# Problem description
Find "Durante el día" below and begin at its line; stop after the line with "Takket være den". Output those lines exactly, without pictures.

[Opening Data supplied section]

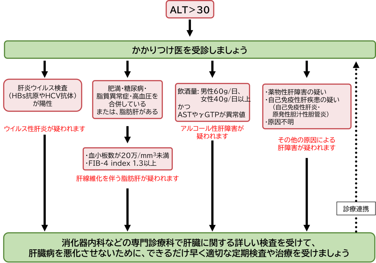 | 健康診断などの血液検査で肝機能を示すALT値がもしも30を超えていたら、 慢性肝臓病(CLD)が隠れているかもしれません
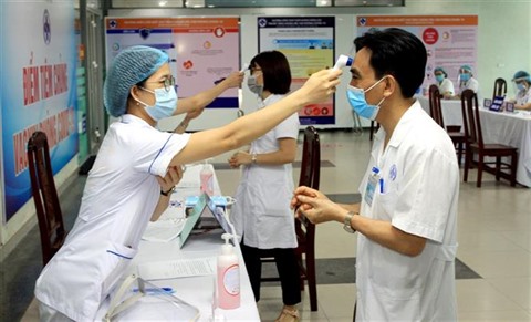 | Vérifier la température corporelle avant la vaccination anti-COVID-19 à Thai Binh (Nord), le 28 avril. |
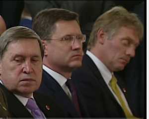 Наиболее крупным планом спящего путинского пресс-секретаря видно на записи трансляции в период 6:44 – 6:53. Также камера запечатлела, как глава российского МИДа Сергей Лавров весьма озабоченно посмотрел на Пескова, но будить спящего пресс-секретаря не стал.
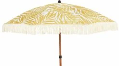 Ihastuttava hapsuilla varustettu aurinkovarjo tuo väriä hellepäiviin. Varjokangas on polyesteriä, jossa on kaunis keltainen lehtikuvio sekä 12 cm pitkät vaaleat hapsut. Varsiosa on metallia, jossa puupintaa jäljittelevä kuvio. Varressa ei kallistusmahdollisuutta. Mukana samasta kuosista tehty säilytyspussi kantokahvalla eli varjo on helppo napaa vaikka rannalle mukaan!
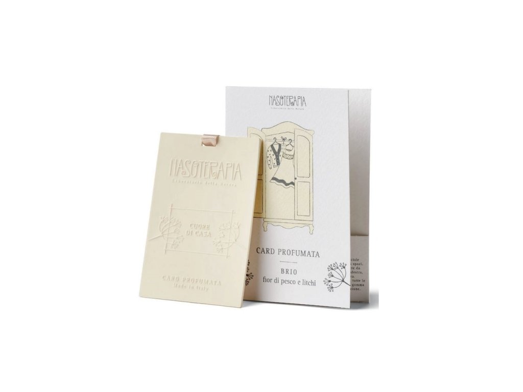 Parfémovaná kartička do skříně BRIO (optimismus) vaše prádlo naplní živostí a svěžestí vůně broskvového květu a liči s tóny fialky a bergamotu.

[Closing Data supplied section]
[Opening Data supplied section]

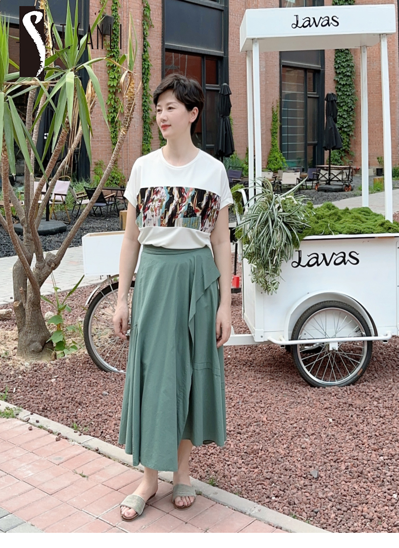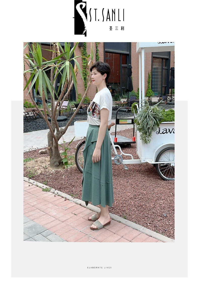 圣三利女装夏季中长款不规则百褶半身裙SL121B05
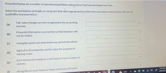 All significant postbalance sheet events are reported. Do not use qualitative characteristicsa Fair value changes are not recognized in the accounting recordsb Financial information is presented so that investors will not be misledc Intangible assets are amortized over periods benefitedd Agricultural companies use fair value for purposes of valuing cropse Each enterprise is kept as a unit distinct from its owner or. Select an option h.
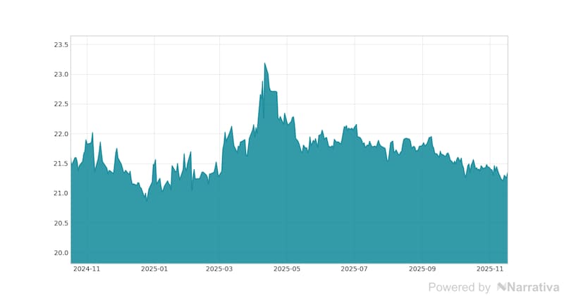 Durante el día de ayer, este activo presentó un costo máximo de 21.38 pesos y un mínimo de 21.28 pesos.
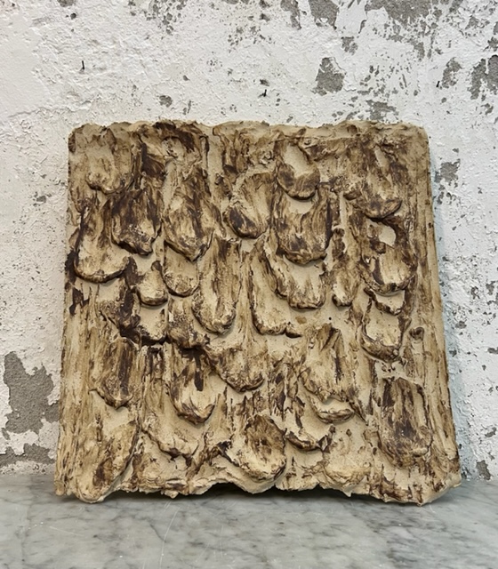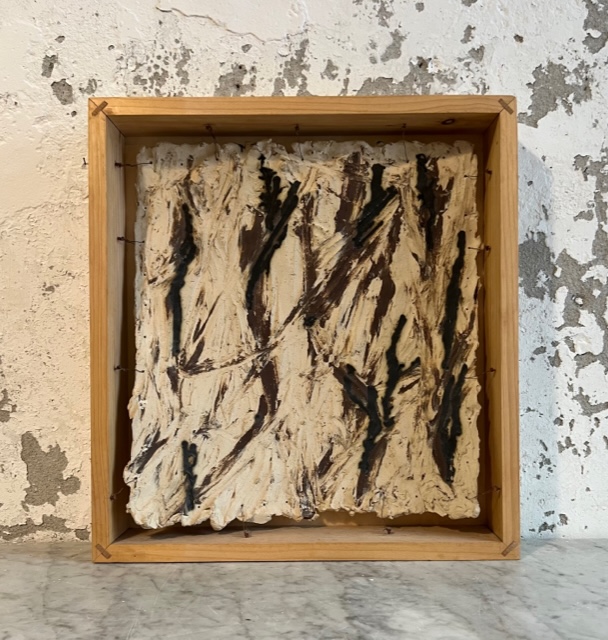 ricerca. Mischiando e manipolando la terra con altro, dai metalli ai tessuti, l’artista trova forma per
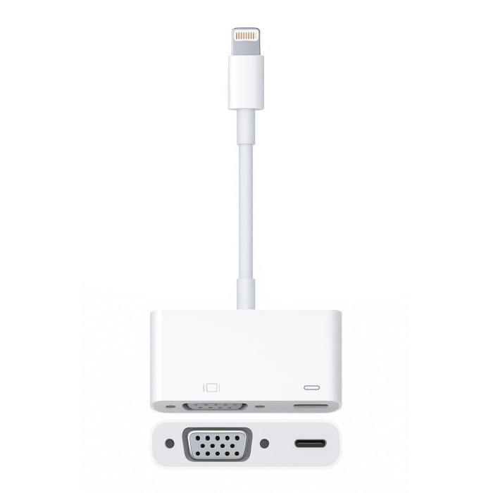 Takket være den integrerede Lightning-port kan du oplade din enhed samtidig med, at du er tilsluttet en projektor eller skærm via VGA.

[Closing Data supplied section]
[Opening Data supplied section]

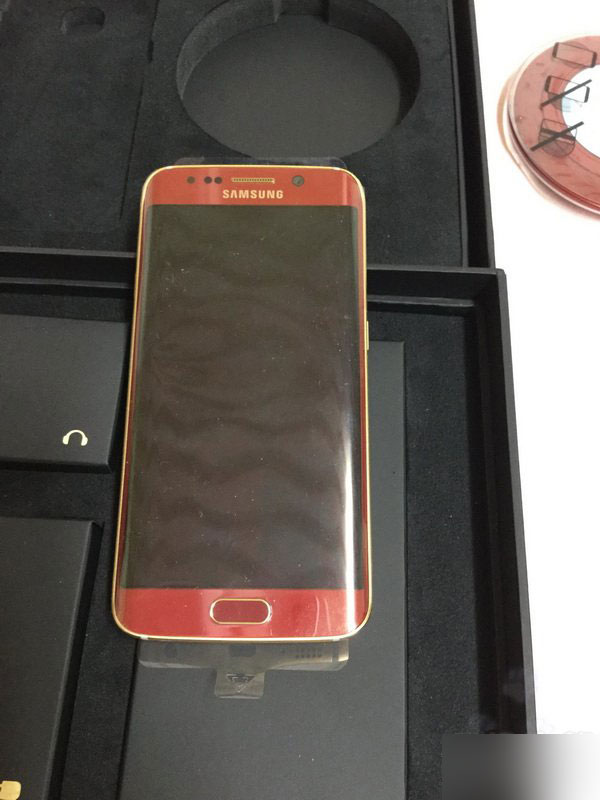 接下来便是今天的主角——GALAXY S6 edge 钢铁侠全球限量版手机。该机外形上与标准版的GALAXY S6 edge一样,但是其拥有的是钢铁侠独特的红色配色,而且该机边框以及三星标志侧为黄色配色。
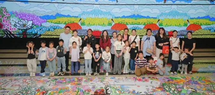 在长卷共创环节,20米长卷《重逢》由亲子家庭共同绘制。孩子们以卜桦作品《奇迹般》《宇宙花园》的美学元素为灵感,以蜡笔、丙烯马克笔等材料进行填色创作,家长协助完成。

[Closing Data supplied section]

# Reply to the exercise
 Durante el día de ayer, este activo presentó un costo máximo de 21.38 pesos y un mínimo de 21.28 pesos.
 ricerca. Mischiando e manipolando la terra con altro, dai metalli ai tessuti, l’artista trova forma per
 Takket være den integrerede Lightning-port kan du oplade din enhed samtidig med, at du er tilsluttet en projektor eller skærm via VGA.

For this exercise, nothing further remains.